## ABOUT THIS TASK
In the material below, find the line with "上質なウール素材を使用。時間" and the line with "十四、3月18日,牛校长在《", then output both and every line between them exactly, omitting pictures.

## EXERCISE INPUTS
↓
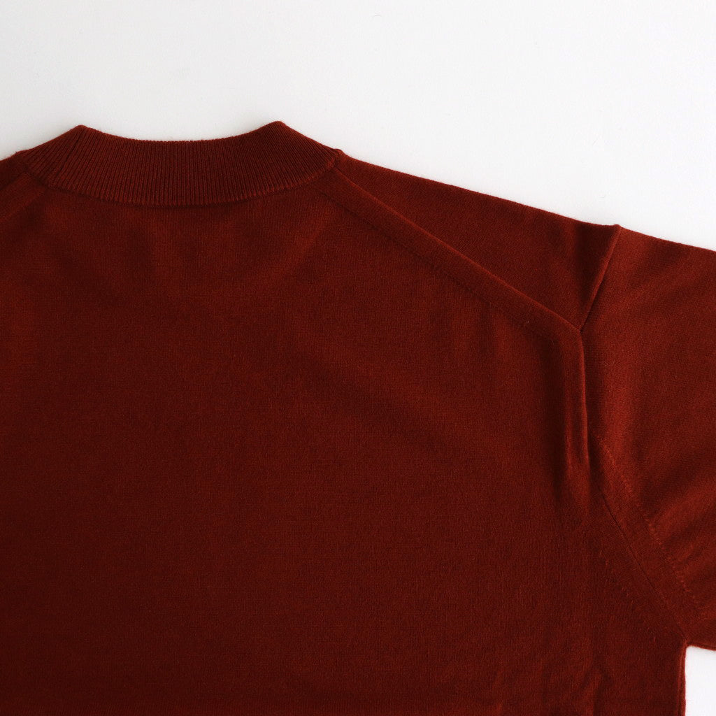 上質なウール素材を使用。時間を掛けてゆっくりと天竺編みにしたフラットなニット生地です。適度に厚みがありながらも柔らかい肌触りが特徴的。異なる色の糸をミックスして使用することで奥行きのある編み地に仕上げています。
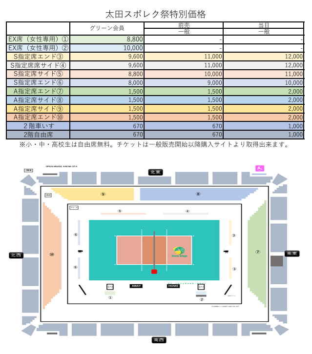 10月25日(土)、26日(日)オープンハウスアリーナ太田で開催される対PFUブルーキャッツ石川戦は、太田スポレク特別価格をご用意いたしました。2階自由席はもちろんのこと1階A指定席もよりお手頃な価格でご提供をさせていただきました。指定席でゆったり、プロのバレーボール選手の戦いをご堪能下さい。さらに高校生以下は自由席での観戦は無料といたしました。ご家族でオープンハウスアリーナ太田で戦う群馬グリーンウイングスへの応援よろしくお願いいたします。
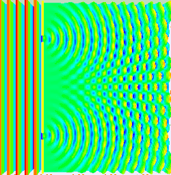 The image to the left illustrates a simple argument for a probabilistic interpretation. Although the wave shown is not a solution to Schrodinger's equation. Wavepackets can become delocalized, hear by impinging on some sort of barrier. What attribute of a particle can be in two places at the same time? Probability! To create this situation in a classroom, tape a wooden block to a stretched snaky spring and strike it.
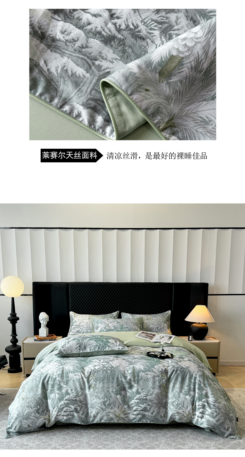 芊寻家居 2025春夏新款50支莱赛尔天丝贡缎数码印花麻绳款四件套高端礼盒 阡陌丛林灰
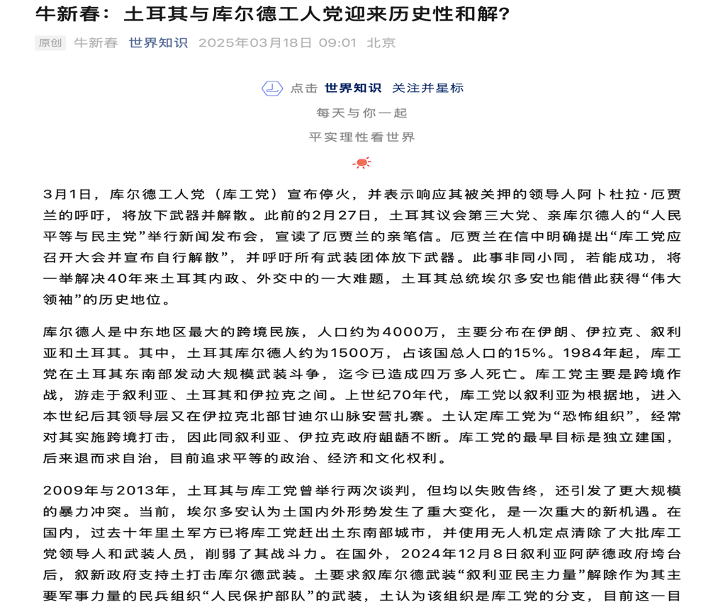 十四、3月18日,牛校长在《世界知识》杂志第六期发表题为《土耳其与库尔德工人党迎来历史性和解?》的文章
↑
↓
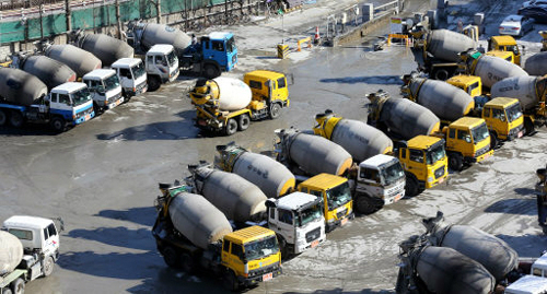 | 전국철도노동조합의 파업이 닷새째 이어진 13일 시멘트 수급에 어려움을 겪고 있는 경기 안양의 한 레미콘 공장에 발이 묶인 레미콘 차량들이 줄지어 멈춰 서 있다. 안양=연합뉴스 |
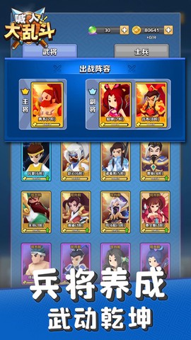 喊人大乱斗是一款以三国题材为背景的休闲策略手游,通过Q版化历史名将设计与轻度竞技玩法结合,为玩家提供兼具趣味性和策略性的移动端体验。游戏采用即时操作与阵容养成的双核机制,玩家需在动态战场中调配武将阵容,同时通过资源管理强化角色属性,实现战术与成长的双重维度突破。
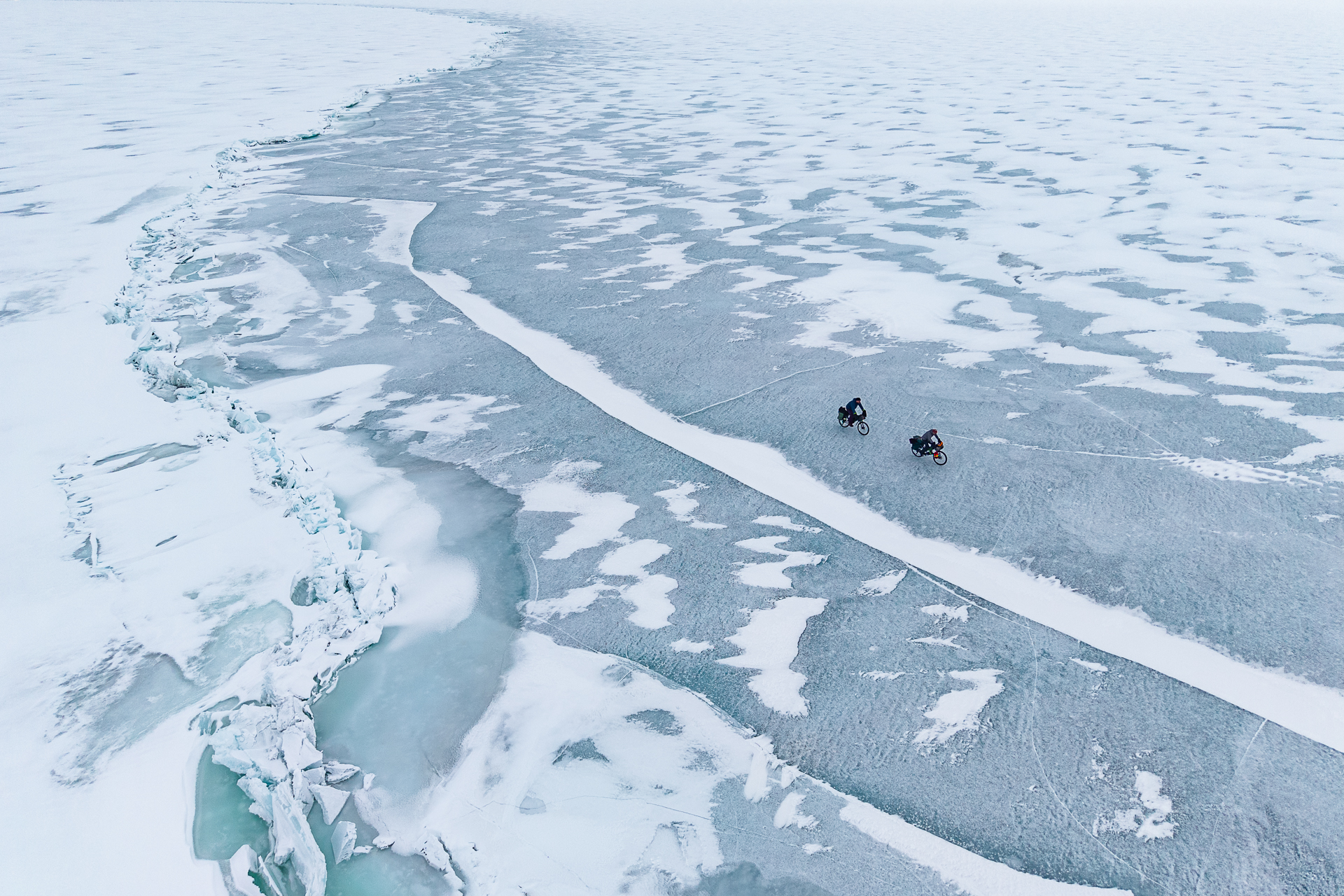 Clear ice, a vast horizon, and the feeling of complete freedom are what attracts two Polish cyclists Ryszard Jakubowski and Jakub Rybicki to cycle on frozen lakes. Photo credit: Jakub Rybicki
↑
## WRITTEN SOLUTION
 上質なウール素材を使用。時間を掛けてゆっくりと天竺編みにしたフラットなニット生地です。適度に厚みがありながらも柔らかい肌触りが特徴的。異なる色の糸をミックスして使用することで奥行きのある編み地に仕上げています。
 10月25日(土)、26日(日)オープンハウスアリーナ太田で開催される対PFUブルーキャッツ石川戦は、太田スポレク特別価格をご用意いたしました。2階自由席はもちろんのこと1階A指定席もよりお手頃な価格でご提供をさせていただきました。指定席でゆったり、プロのバレーボール選手の戦いをご堪能下さい。さらに高校生以下は自由席での観戦は無料といたしました。ご家族でオープンハウスアリーナ太田で戦う群馬グリーンウイングスへの応援よろしくお願いいたします。
 The image to the left illustrates a simple argument for a probabilistic interpretation. Although the wave shown is not a solution to Schrodinger's equation. Wavepackets can become delocalized, hear by impinging on some sort of barrier. What attribute of a particle can be in two places at the same time? Probability! To create this situation in a classroom, tape a wooden block to a stretched snaky spring and strike it.
 芊寻家居 2025春夏新款50支莱赛尔天丝贡缎数码印花麻绳款四件套高端礼盒 阡陌丛林灰
 十四、3月18日,牛校长在《世界知识》杂志第六期发表题为《土耳其与库尔德工人党迎来历史性和解?》的文章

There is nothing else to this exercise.